### EXERCISE DESCRIPTION:
Having located the line with "Multifunkční dřevěný vláček", repeat it and all remaining lines of the records exactly. Pictures do not belong in the answer.

(Collected data entries)
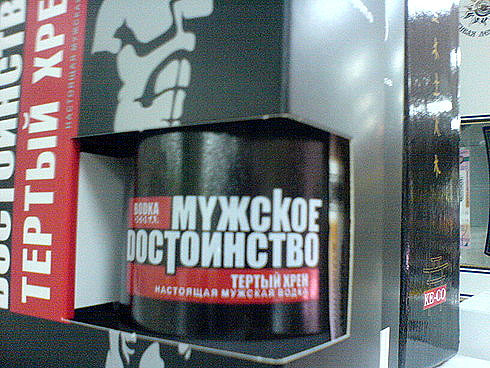 Вот такую нынче водку у нас продают, грустит Энергет. "Мужское достоинство тертый хрен". Ни хрена себе достоинство! Это кто ж такой умный пиарщик-маркетолог, а?
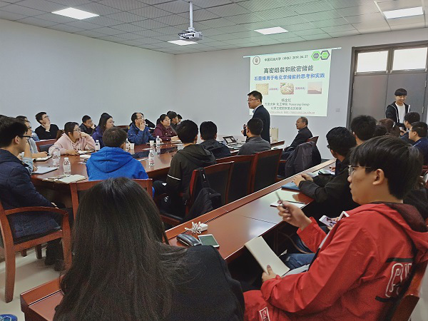 报告伊始,杨全红浅析了传统碳材料用于先进电池和电化学储能技术的挑战,介绍了传统的碳材料有“做不了”和“做不好”的瓶颈,继而讨论了石墨烯所获得的重要机遇和历史使命—石墨烯可以解决传统碳材料中存在的一些问题。接下来,杨全红重点剖析了致密储能的重要性以及石墨烯用于致密储能的理论基础和现实优势;除此之外,杨全红还介绍了其课题组在石墨烯高密组装和高体积能量密度储能材料/器件方面的研究进展并进行了展望。报告结束后,有老师和同学对关于石墨烯所做材料的机械强度方面提出了问题,杨全红耐心的对此问题作出解答并分享其人生感慨“花开有早晚,花期有长短,但都一样灿烂,一样美丽”,这也得到了老师和同学们的认同。
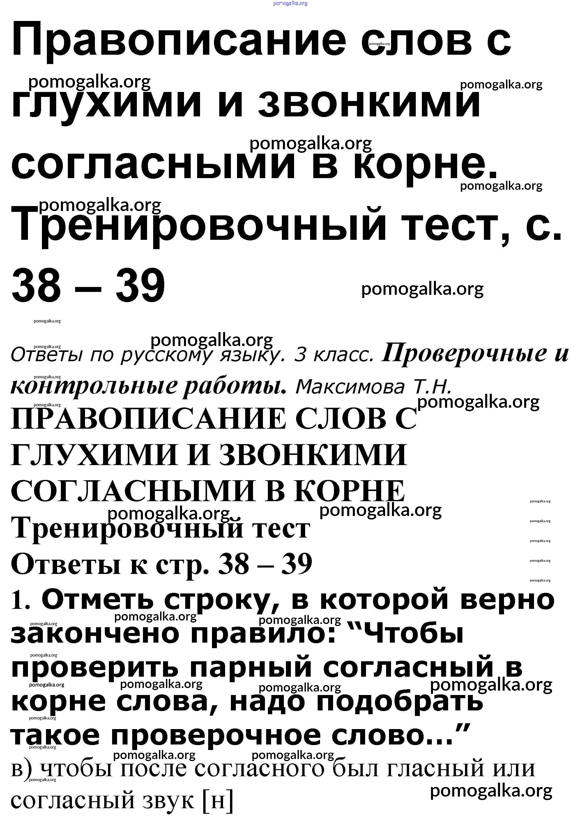 Готовые ответы - Русский язык 3 класс проверочные и контрольные работы Максимова Т.Н. - Правописание слов с глухими и звонкими согласными в корне 38
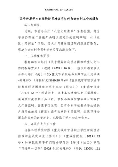 【七哥公文】2024年:关于开展学生家庭经济困难证明材料自查自纠工作的通知+更多免费公文+VX:QiGeGongWen2024
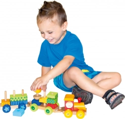 Multifunkční dřevěný vláček je nejen tahací hračkou, ale také stavebnicí, která dětem umožní rozvíjet jejich kreativitu. Součástí vláčku jsou tři podvozky a 18 různých kostek, které lze skládat podle fantazie.
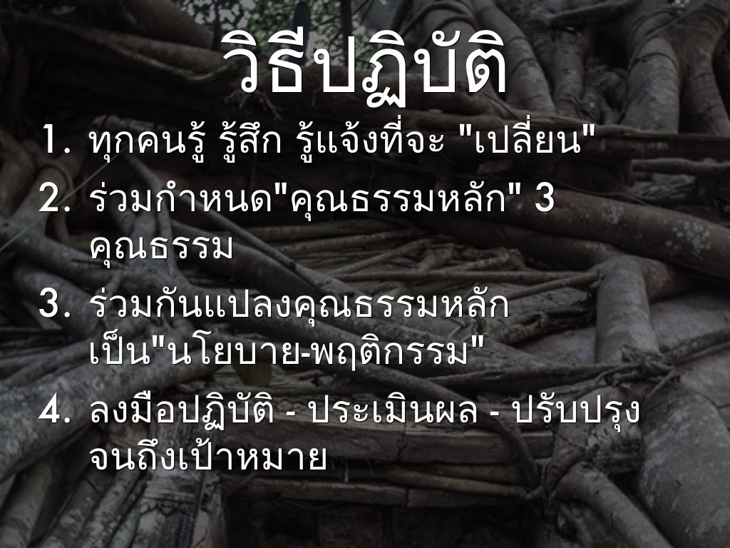 - ร่วมกันแปลงคุณธรรมหลักเป็น"นโยบาย-พฤติกรรม"
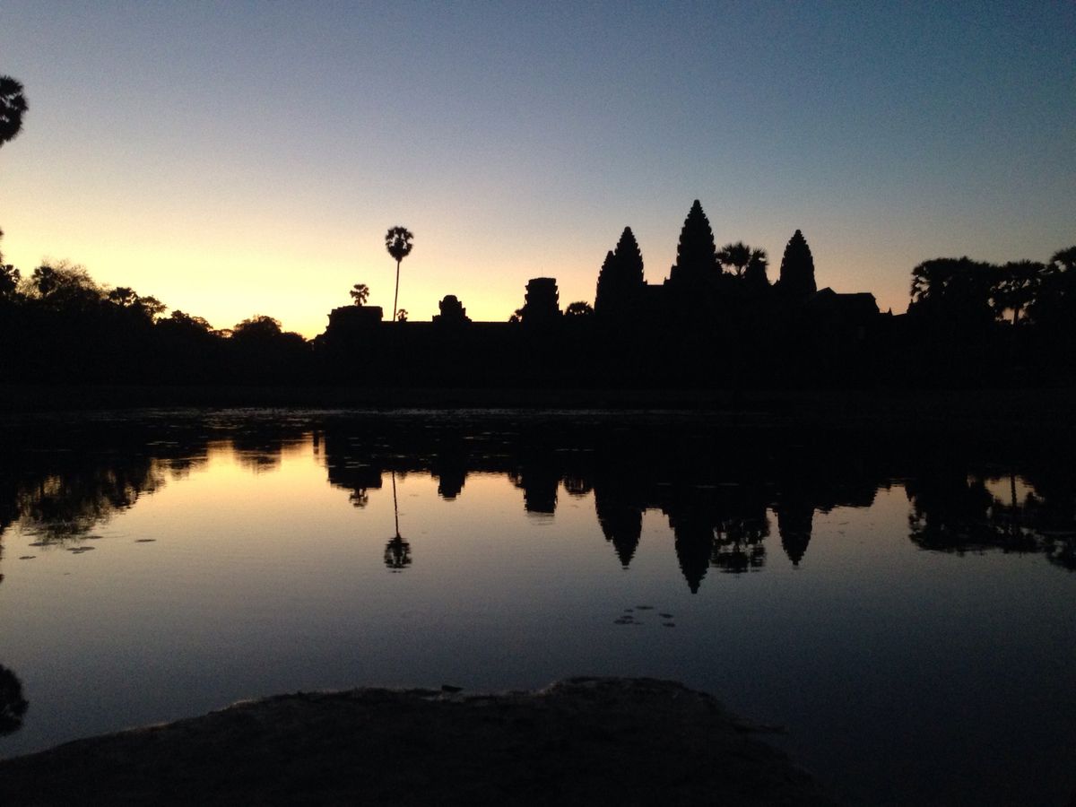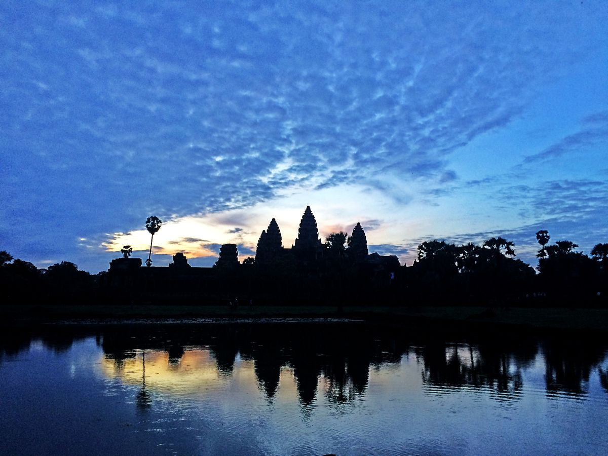 眠い目をこすりながら、薄暗いアンコールワットに向かいました。
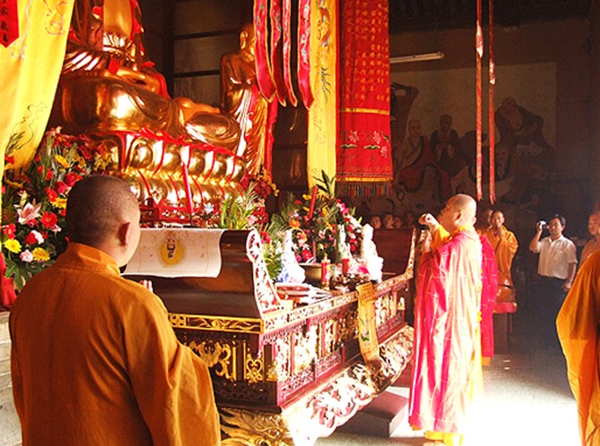 大雄寶殿是法華院的主體建筑,它依山面南而座,殿內供奉佛祖釋迦牟尼,因他大智大勇,無敵于邪惡,故人們尊稱其為“大雄”。“大雄寶殿”四個大字為原全國佛教協會會長趙樸初先生所題。立于佛祖兩旁分別是他的兩個弟子大迦葉和阿難尊者 。大殿東、西、北三面墻壁繪有文殊菩薩、普賢菩薩和十八羅漢,壁畫描繪的生動、精美。
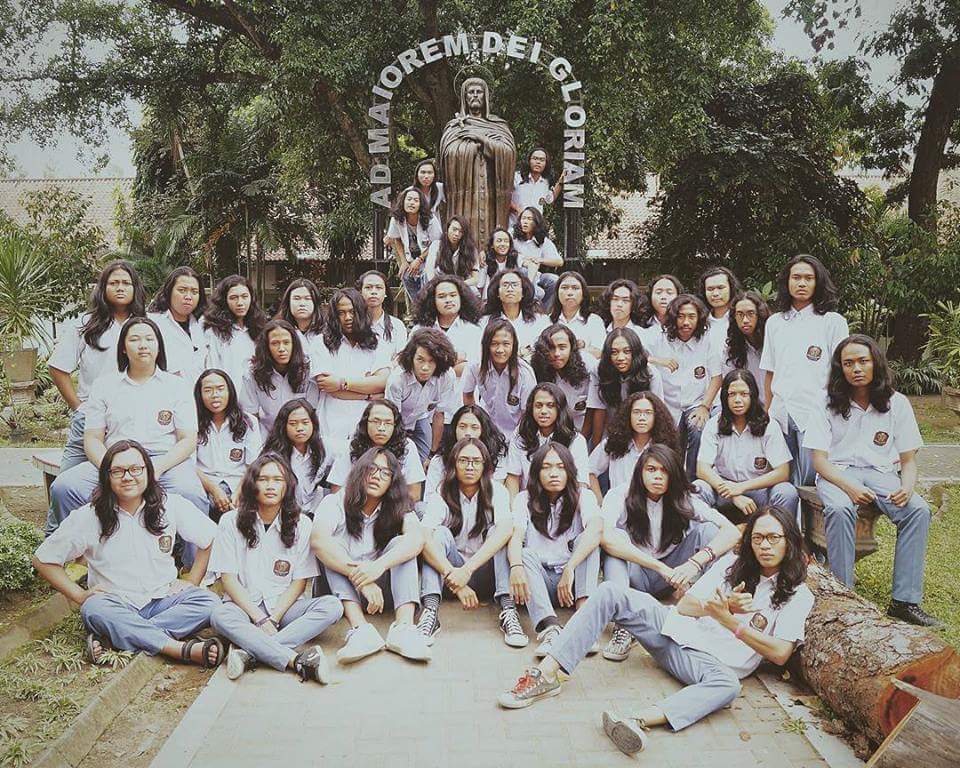 DE BRITTO | Di atas ini foto anak-anak Kolese de Britto, sebuah SMA swasta di Yogyakarta, sekolah khusus untuk anak cowok. Foto tersebut menjelaskan sedikit keunikan sekolah ini. Para siswa boleh gondrong, persis seperti seseorang yang dipatungkan di belakang mereka itu.

### ANSWER SECTION:
 Multifunkční dřevěný vláček je nejen tahací hračkou, ale také stavebnicí, která dětem umožní rozvíjet jejich kreativitu. Součástí vláčku jsou tři podvozky a 18 různých kostek, které lze skládat podle fantazie.
 - ร่วมกันแปลงคุณธรรมหลักเป็น"นโยบาย-พฤติกรรม"
 眠い目をこすりながら、薄暗いアンコールワットに向かいました。
 大雄寶殿是法華院的主體建筑,它依山面南而座,殿內供奉佛祖釋迦牟尼,因他大智大勇,無敵于邪惡,故人們尊稱其為“大雄”。“大雄寶殿”四個大字為原全國佛教協會會長趙樸初先生所題。立于佛祖兩旁分別是他的兩個弟子大迦葉和阿難尊者 。大殿東、西、北三面墻壁繪有文殊菩薩、普賢菩薩和十八羅漢,壁畫描繪的生動、精美。
 DE BRITTO | Di atas ini foto anak-anak Kolese de Britto, sebuah SMA swasta di Yogyakarta, sekolah khusus untuk anak cowok. Foto tersebut menjelaskan sedikit keunikan sekolah ini. Para siswa boleh gondrong, persis seperti seseorang yang dipatungkan di belakang mereka itu.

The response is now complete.